### [Your objective]
Return the lines of the listing below exactly as they appear, beginning at the one with "お風呂後の飲み直しタイムでは" and stopping after the one with "In 1948, under"; do not include pictures.

### [Excerpted records]
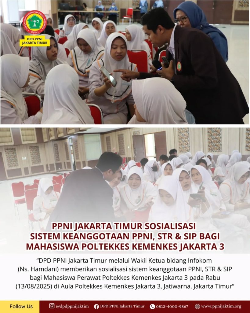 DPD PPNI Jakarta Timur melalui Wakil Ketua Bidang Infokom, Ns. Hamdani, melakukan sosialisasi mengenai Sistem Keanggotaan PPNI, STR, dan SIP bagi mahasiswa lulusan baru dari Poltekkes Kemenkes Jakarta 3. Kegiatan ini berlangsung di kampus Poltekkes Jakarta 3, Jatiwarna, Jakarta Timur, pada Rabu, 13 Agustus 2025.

...

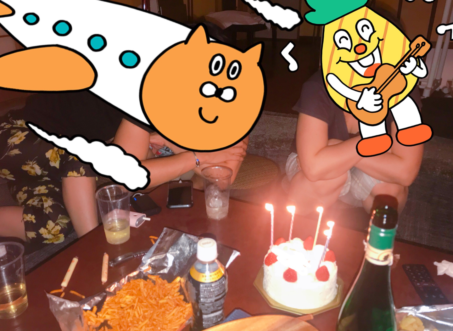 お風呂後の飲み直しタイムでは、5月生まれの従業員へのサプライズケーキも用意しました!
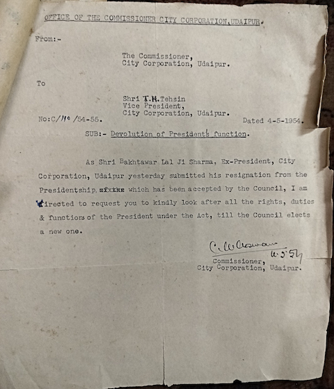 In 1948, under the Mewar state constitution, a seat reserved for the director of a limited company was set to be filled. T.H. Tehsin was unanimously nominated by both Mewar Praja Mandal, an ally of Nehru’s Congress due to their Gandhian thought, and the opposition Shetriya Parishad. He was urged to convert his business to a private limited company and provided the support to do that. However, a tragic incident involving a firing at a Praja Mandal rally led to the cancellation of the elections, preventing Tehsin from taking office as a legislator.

### [Expected answer]
 お風呂後の飲み直しタイムでは、5月生まれの従業員へのサプライズケーキも用意しました!
 In 1948, under the Mewar state constitution, a seat reserved for the director of a limited company was set to be filled. T.H. Tehsin was unanimously nominated by both Mewar Praja Mandal, an ally of Nehru’s Congress due to their Gandhian thought, and the opposition Shetriya Parishad. He was urged to convert his business to a private limited company and provided the support to do that. However, a tragic incident involving a firing at a Praja Mandal rally led to the cancellation of the elections, preventing Tehsin from taking office as a legislator.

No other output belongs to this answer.